SEXUAL REPRODUCTION (Recovered from corrupted file)
Learning Outcomes
Describe the difference in outcomes between mitosis and meiosis
Indicate which type of cells undergo mitosis and meiosis
Explain what haploid and diploid numbers represent
Describe how haploid gametes are produced in sexual reproduction (plants and
animals)
Mitosis
_You have seen that mitosis is responsible for cell division that all plants
and animals require for:
Asexual reproduction
Growth
Repair of body cells
The characteristics that identify mitosis are:
There is always one parent.
The daughter cells are identical to the parent.
Sexual Reproduction
_Sexual reproduction usually requires two separate parents where specialized
cells called gametes from each parent combine in a process called
fertilization to form a new cell called a zygote. Note that two gametes
combine to form one zygote. The zygote is the offspring of the two parents.
_You know that your parents, brothers, sisters, and grandparents look
different than you do, but a family portrait will likely demonstrate that
there are strong similarities among the family. Sexual reproduction is
responsible for these differences between the parents and their offspring.
Meiosis
_In complex plants and animals where sexual reproduction occurs, there are
two types of cells.
Somatic cells are the cells that make up our body. These cells include
muscles, blood, the skeleton, and so on. These cells reproduce by mitosis.
Reproductive cells are sex cells. These cells are specialized for reproducing
offspring through sexual reproduction. There are two types of reproduction
cells: the male reproduction cell is called sperm and the female reproduction
cell is called the egg.
All our body cells contain 23 pairs of chromosomes for 46 chromosomes per
cell. The two chromosomes in each pair match each other in size and shape and
are called homologous pairs. Human body cells are called diploid and are
written as 2n. The human body cells are called diploid since they have 2 x 23
chromosomes (“di” means double). When body cells reproduce through mitosis,
they replicate the diploid number of cells and an exact reproduction occurs.
_
_In complex plants and animals, there are reproductive cells that have a
haploid number of chromosomes. The reproductive cells produce sex cells. The
male produces a gamete called the sperm and the female produces a gamete
called the egg.
In order that sexual reproduction occurs, the sperm gamete must unite with
the egg gamete. In order that the proper number of chromosomes remains
constant, each gamete can contribute only half the total number of
chromosomes when they combine to form the zygote. The chromosomes in each
gamete are haploid or “n” in number; that is, they contain 23 chromosomes,
not 23 pairs of chromosomes each. The chromosomes from each gamete are
combined at fertilization to produce the diploid number (23 pairs of
homologous chromosomes) in the offspring or zygote. The process by which the
gametes are formed is called meiosis, which results in haploid cells.
Stages of Meiosis
The first stage of meiosis is called meiosis I. This stage is the reduction
part of meiosis. Each of the sex cells has its chromosomes reduced from a
diploid number to a haploid number.
Early Prophase – The chromosomes do not appear to be double stranded, but
they are because the homologous chromosomes have paired.
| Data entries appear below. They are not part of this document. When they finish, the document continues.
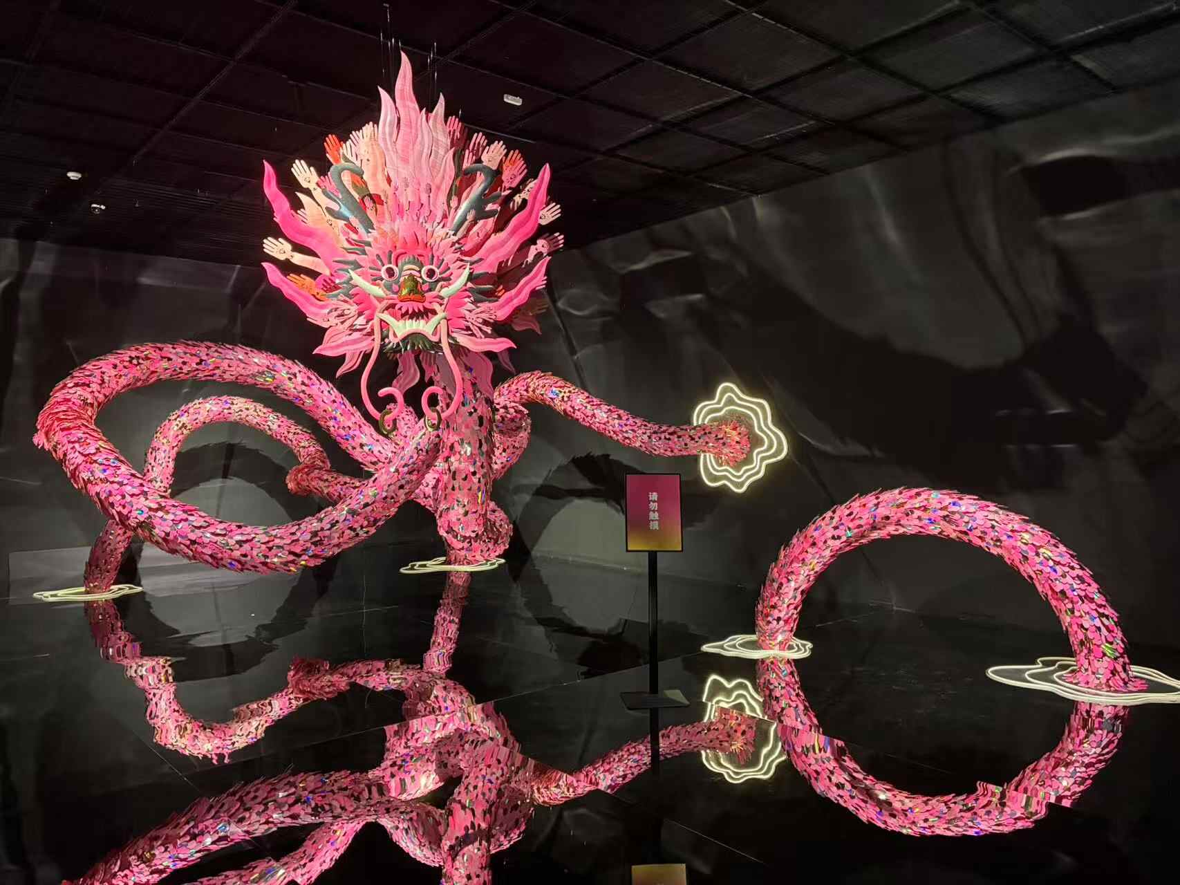 其中的重磅作品《不息》,是一条由镂空纸片构成的粉色长龙,其原型就来自塱头村内祠堂“谷诒书室”内,一幅高悬于门楣的水墨云龙壁画《教子朝天图》……这也是春阳台策展的一贯思路:艺术与古村相连接,并作深入的当代文化特色表达。
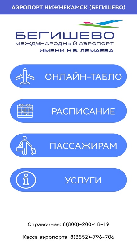 Официальное мобильное приложение аэропорта Нижнекамск (Бегишево)
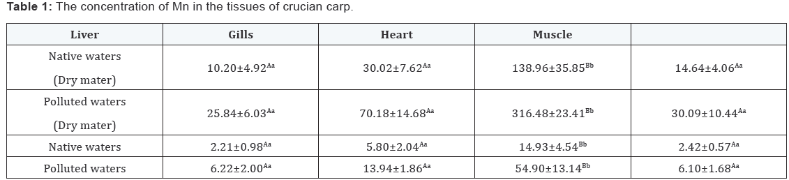 The results, comparing the contents in different tissues has been shown in Table 1. In the unpolluted native waters, the content of Mn in heart was significant higher than hepatopancreas, gills and muscles. In coal gangue polluted water, the content of Mn in heart was extremely higher than the hepatopancreas, gills and muscles.
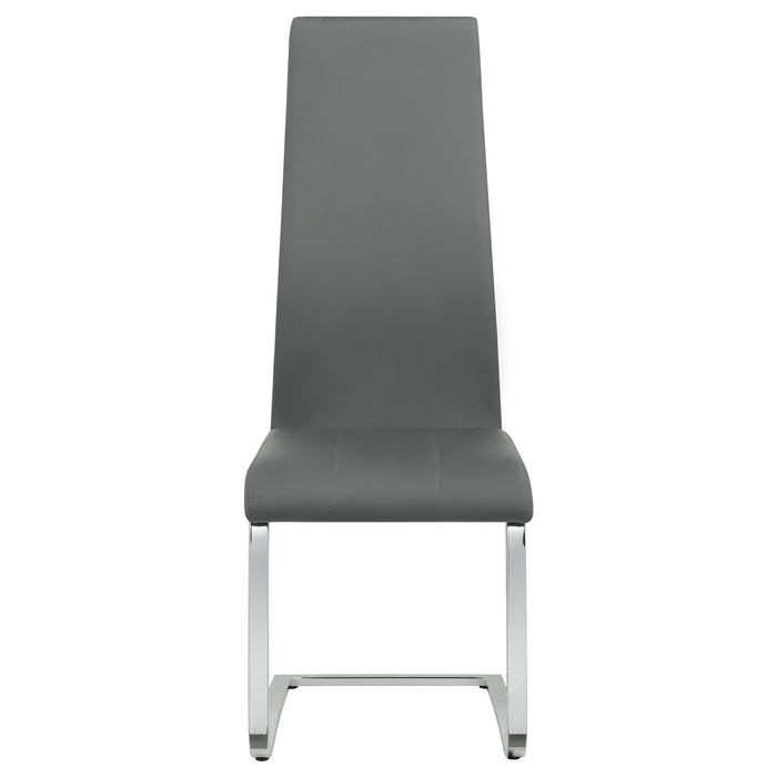 Elevate your dining area with the Anges 5-piece dining set. The contemporary white high gloss finished table features a chrome base for added shine. Complete the ensemble with our iconic Breuer-style chairs, showcasing an ergonomic curved backrest and foam-filled leatherette for ultimate comfort. The U-shaped chrome frame elegantly complements the waterfall edge seat. Available in a range of colors, this set seamlessly merges modern design with unmatched comfort, ensuring every meal is a stylish and comfortable affair. Redefine your dining experience today.

Late Prophase – The nuclear membrane begins to disappear. Homologous
chromosomes begin to thicken and become visible. The spindle becomes visible.
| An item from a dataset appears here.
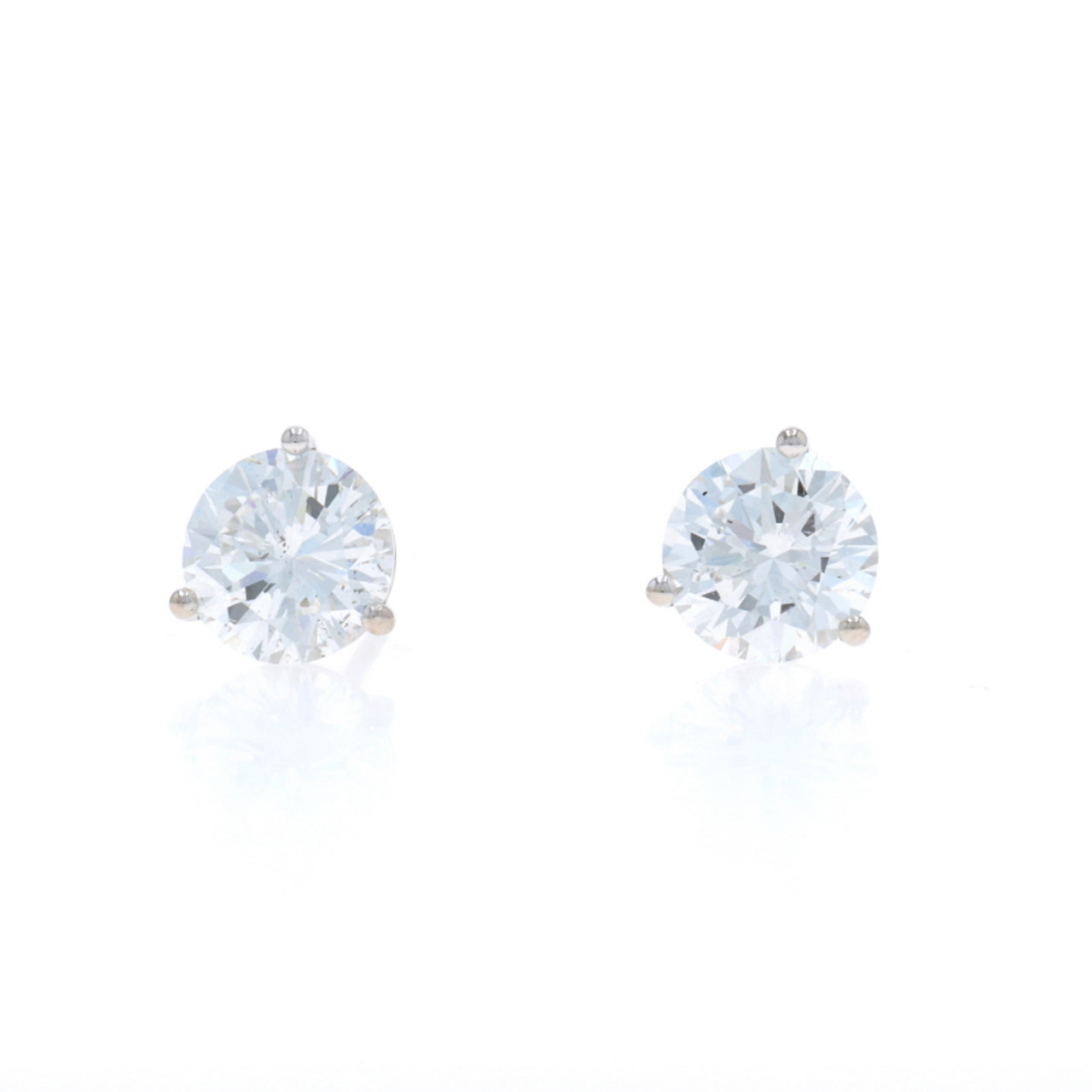 White Gold Diamond Stud Earrings - 18k Round Brilliant 2.41ctw GIA Pierced

Metaphase – The chromosome pairs line along the equator of the cell. Spindle
fibres attach to the centromere region of each homologous pair.
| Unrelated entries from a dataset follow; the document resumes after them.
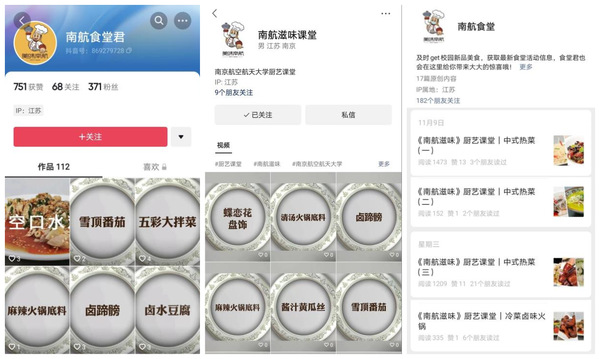 “南航滋味”厨艺课堂项目精心打造的教学体系,内容从中餐到西餐,从红案到面点、西点,浅显易懂、实操性强,且在微信公众号、抖音短视频等建立“空中课堂”,通过新媒体传播供更多师生校友在线学习观摩,使师生接受餐饮文化熏陶和劳动教育技能培训。
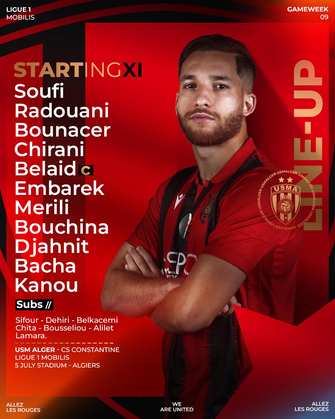 كشف مدرب إتحاد العاصمة غاريدو عن التشكيلة الأساسية التي سيعتمد عليها خلال مواجهة شباب قسنطينة برسم الجولة التاسعة “مباراة متأخرة”.
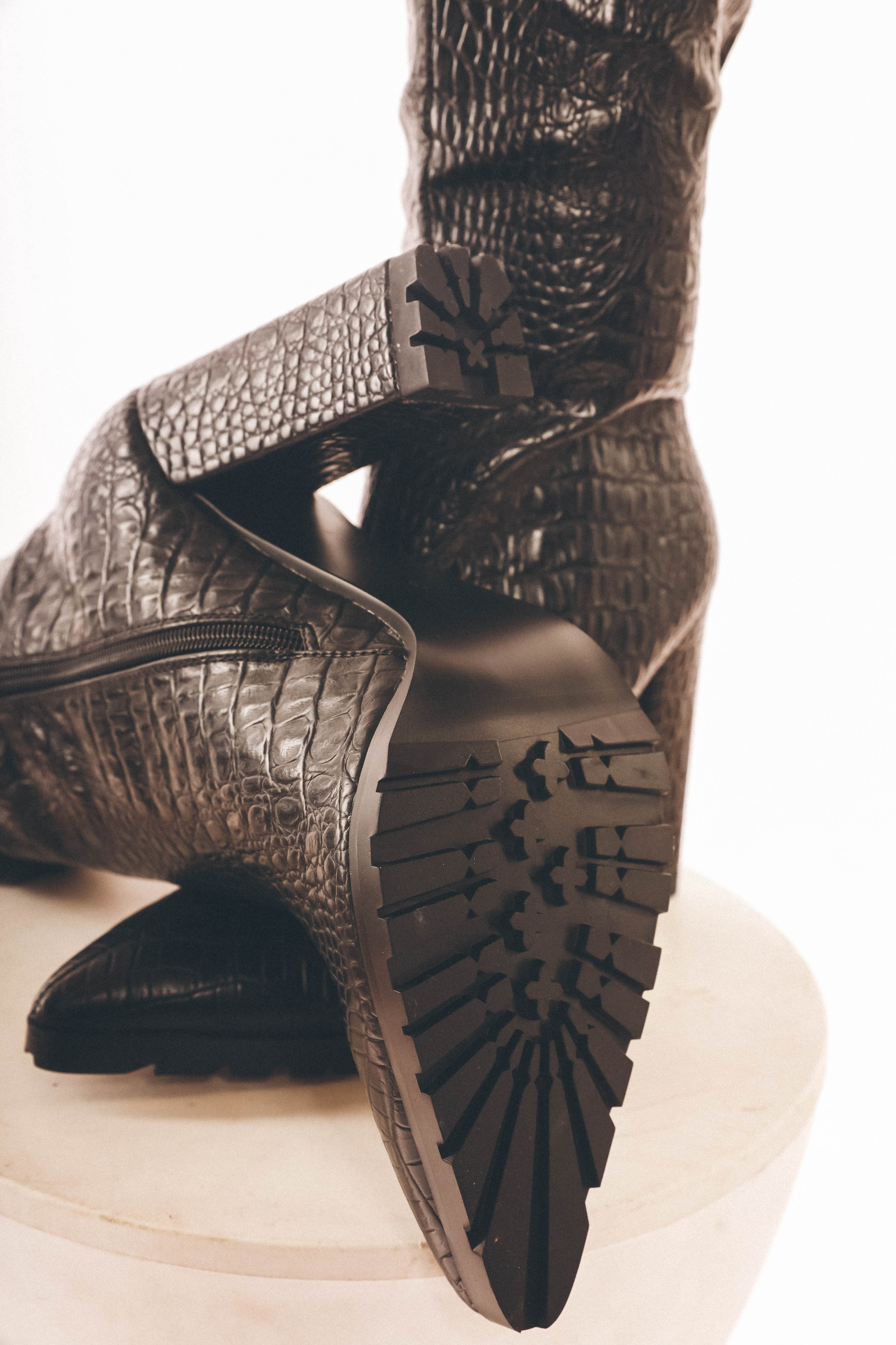 Introducing the Detroit Players Collection, a bold and luxurious line of boots inspired by Detroit's iconic style and fashion legacy. Available in sleek black and rich cognac, these boots are crafted from high-quality synthetic crocodile/gator material, offering a stretchy yet form-fitting silhouette that enhances every outfit. Designed for the modern woman who values luxury and style, these boots pay homage to Detroit's famed "gators," long recognized as a symbol of prestige and success.
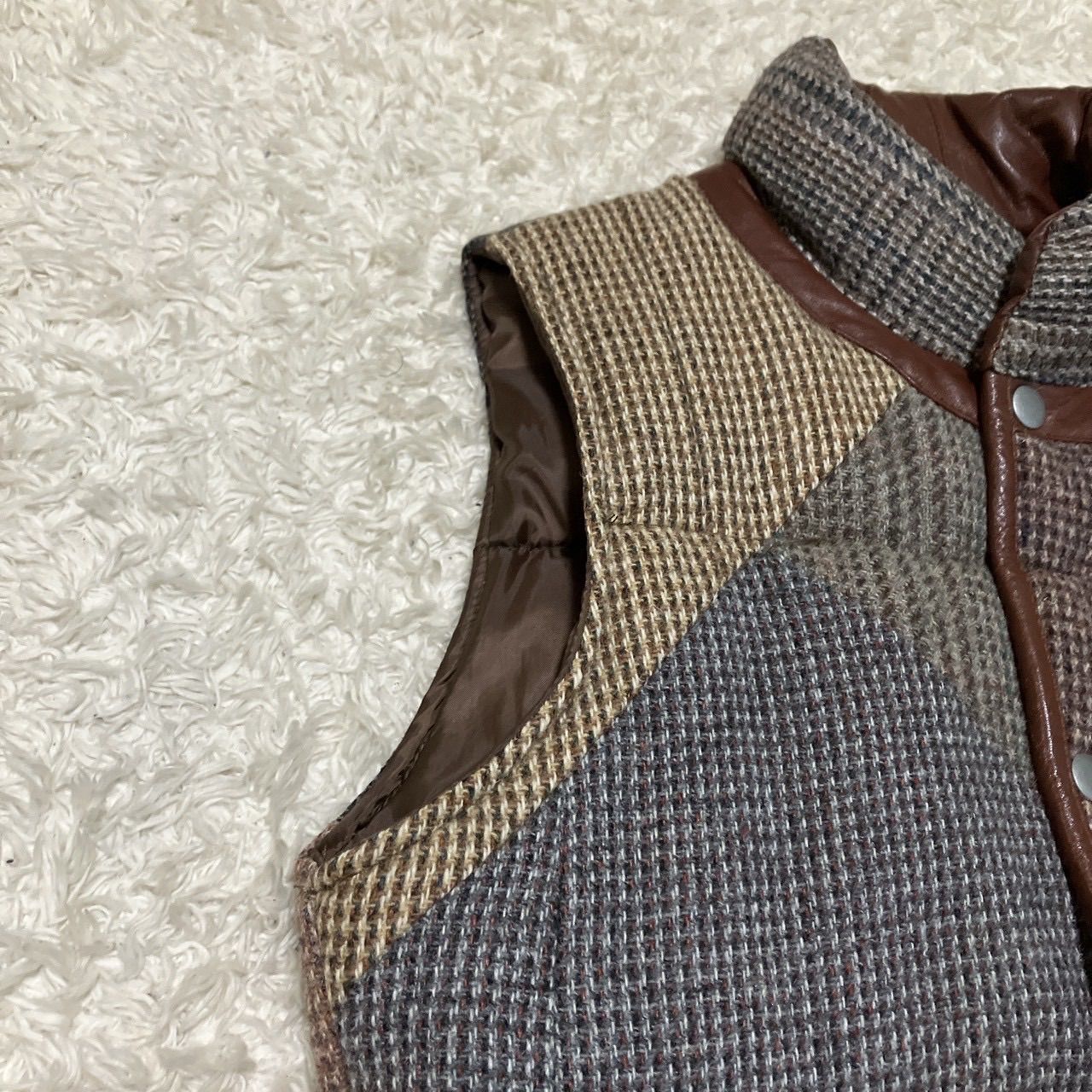 Harris Tweed ハリスツイード ウール パッチワーク ダウンベスト ヘリンボーン

Anaphase – The chromosome pairs are drawn to the opposite poles by the
spindle fibers.
Telophase – The chromosome pairs move to the opposite poles and the cell
divides to form two new cells, each having a haploid number of duplicated
chromosomes.
The second stage of meiosis is called meiosis II and is known as the division
stage.
The phases in the second stage are very much like the phases in mitosis. The
difference lies in the number of chromosomes in the cells from meiosis I. The
two cells produced from meiosis I have a haploid number of paired
chromosomes. As meiosis II takes place, the paired chromosomes are separated,
leaving a haploid number of chromosomes in the four sex cells at the
interphase.
Summary
There are two types of cells. Somatic or body cells use mitosis to reproduce
cells for growth and repair. These cells have a diploid number of chromosomes
and are identical to the parent cell. Reproductive cells produce two types of
gametes called sperm and egg. These cells have a haploid number of
chromosomes so that when the sperm combines with an egg the offspring will
have a diploid number of chromosomes.
There are two steps to complete cell reproduction by meiosis. The first step
is a reduction step where the chromosomes are reduced from a diploid number
to a haploid number. This step is called meiosis I. The next step is a
division step where the two daughter cells divide to produce four daughter
cells. This step is called meiosis II.
In addition to providing haploid cells, meiosis allows for “crossing over,” a
process by which chromosomes exchange genetic information. Crossing over
provides the opportunity for offspring to differ from their parents.